How to Respond to an Indication of a Problem with a Distributed Product
FDA recommends that firms implement the following steps in their procedures if there is an indication of a problem with a distributed product:
Identify the problem. Firms should implement procedures to identify indicators that there may be a problem with a distributed product. Indicators include internal reports of product specification deviations, inspectional observations and laboratory analytical results.
Investigate the problem. The procedures should describe the steps to investigate a problem with a distributed product, including timely investigation and prompt evaluation by a qualified person following established criteria. The final guidance states that a recalling firm is not required to wait to initiate a voluntary recall until the investigation or evaluation is complete.
Make decisions. The procedures should describe the steps necessary to control defective and potentially harmful products in a timely manner. The procedures should address the decision whether to initiate a voluntary recall and, if initiated, the appropriate scope and depth of the recall.

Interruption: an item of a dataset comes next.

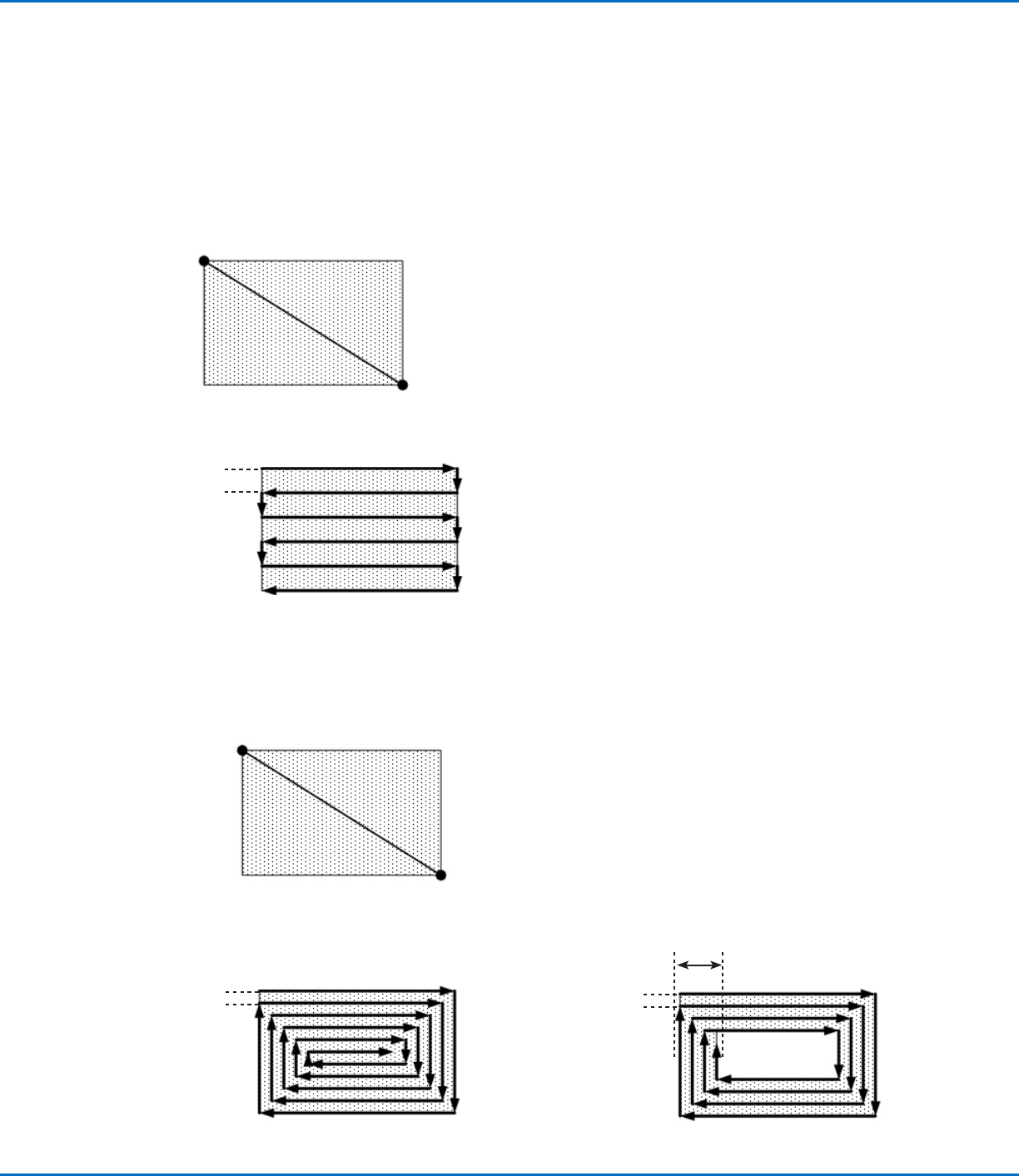 此指令使针头沿一个曲折式、螺旋形路径从矩形外面移动到中心,从而填充设定区域。输入一个“填充区域矩形”指令后,在待填充

Consult with FDA. Firms should engage with FDA while the investigation is ongoing. FDA recall coordinators are the agency points-of-contact for recalling firms. FDA recall coordinators can also assist by referring recalling firms to other government agencies that are primarily responsible for monitoring the product recall. Firms can visit FDA’s website for FDA recall coordinators’ contact information.
Initiate a voluntary recall. Firms can initiate a voluntary recall by promptly notifying the affected direct accounts and by issuing a press release or other public notice, if appropriate. The final guidance recommends that a recalling firm conduct follow-up communications with direct accounts that fail to respond to a recall communication. FDA considers the date of a firm’s first communication about a recall, either to its direct accounts or to the public, to constitute the date of initiation. FDA recommends that a recalling firm follow the initiation procedures in its recall plan to implement the recall in accordance with 21 CFR § 7.46 (firm-initiated recall). A recalling firm is not required to delay initiation of a voluntary recall pending FDA’s review of its recall strategy or communications.
The final guidance presents a helpful framework for firms to prepare to quickly and effectively implement recall procedures. Stakeholders should consider reviewing their current recall plans and procedures in light of the final guidance.